→ Recorded information:

▬▬▬

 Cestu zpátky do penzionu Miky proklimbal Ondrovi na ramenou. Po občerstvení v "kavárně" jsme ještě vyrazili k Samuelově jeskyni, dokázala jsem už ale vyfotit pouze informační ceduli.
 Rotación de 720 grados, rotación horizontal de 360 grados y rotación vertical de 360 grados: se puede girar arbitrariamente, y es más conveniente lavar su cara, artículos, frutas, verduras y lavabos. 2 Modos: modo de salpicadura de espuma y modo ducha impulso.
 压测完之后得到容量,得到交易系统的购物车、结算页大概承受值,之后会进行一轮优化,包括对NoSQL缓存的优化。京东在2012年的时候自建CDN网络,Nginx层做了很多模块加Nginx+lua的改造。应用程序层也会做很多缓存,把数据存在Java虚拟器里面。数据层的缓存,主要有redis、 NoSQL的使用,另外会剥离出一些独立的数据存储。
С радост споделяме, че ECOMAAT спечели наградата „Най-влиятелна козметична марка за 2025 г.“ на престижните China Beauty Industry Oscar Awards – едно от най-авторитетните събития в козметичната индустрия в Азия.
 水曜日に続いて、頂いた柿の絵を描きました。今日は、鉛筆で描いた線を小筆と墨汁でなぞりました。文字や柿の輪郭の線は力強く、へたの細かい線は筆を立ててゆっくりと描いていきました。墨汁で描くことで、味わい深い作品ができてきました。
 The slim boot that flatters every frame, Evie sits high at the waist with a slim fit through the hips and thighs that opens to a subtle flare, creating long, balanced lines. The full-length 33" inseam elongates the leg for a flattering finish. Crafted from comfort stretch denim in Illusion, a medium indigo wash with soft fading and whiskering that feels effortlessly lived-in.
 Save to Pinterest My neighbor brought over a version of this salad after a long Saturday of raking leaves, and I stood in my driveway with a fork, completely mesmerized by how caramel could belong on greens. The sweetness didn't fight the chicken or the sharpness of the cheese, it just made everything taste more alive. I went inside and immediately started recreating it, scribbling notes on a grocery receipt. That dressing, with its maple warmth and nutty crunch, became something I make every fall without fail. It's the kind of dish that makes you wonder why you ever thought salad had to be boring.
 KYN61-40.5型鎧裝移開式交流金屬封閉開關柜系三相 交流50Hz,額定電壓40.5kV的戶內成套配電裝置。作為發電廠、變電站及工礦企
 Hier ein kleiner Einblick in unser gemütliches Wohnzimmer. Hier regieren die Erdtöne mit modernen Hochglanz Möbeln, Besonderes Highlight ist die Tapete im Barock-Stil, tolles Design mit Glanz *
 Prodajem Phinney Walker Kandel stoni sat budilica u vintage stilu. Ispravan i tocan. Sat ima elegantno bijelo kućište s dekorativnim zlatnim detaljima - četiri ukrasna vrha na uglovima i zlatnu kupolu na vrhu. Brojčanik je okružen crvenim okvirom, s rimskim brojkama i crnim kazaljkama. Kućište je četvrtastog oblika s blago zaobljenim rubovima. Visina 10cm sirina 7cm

▬▬▬

→ Activity: Of the entries above, repeat exactly the lines from the line with "С радост споделяме, че" through the line with "Hier ein kleiner", both of them included.

→ Your response:
С радост споделяме, че ECOMAAT спечели наградата „Най-влиятелна козметична марка за 2025 г.“ на престижните China Beauty Industry Oscar Awards – едно от най-авторитетните събития в козметичната индустрия в Азия.
 水曜日に続いて、頂いた柿の絵を描きました。今日は、鉛筆で描いた線を小筆と墨汁でなぞりました。文字や柿の輪郭の線は力強く、へたの細かい線は筆を立ててゆっくりと描いていきました。墨汁で描くことで、味わい深い作品ができてきました。
 The slim boot that flatters every frame, Evie sits high at the waist with a slim fit through the hips and thighs that opens to a subtle flare, creating long, balanced lines. The full-length 33" inseam elongates the leg for a flattering finish. Crafted from comfort stretch denim in Illusion, a medium indigo wash with soft fading and whiskering that feels effortlessly lived-in.
 Save to Pinterest My neighbor brought over a version of this salad after a long Saturday of raking leaves, and I stood in my driveway with a fork, completely mesmerized by how caramel could belong on greens. The sweetness didn't fight the chicken or the sharpness of the cheese, it just made everything taste more alive. I went inside and immediately started recreating it, scribbling notes on a grocery receipt. That dressing, with its maple warmth and nutty crunch, became something I make every fall without fail. It's the kind of dish that makes you wonder why you ever thought salad had to be boring.
 KYN61-40.5型鎧裝移開式交流金屬封閉開關柜系三相 交流50Hz,額定電壓40.5kV的戶內成套配電裝置。作為發電廠、變電站及工礦企
 Hier ein kleiner Einblick in unser gemütliches Wohnzimmer. Hier regieren die Erdtöne mit modernen Hochglanz Möbeln, Besonderes Highlight ist die Tapete im Barock-Stil, tolles Design mit Glanz *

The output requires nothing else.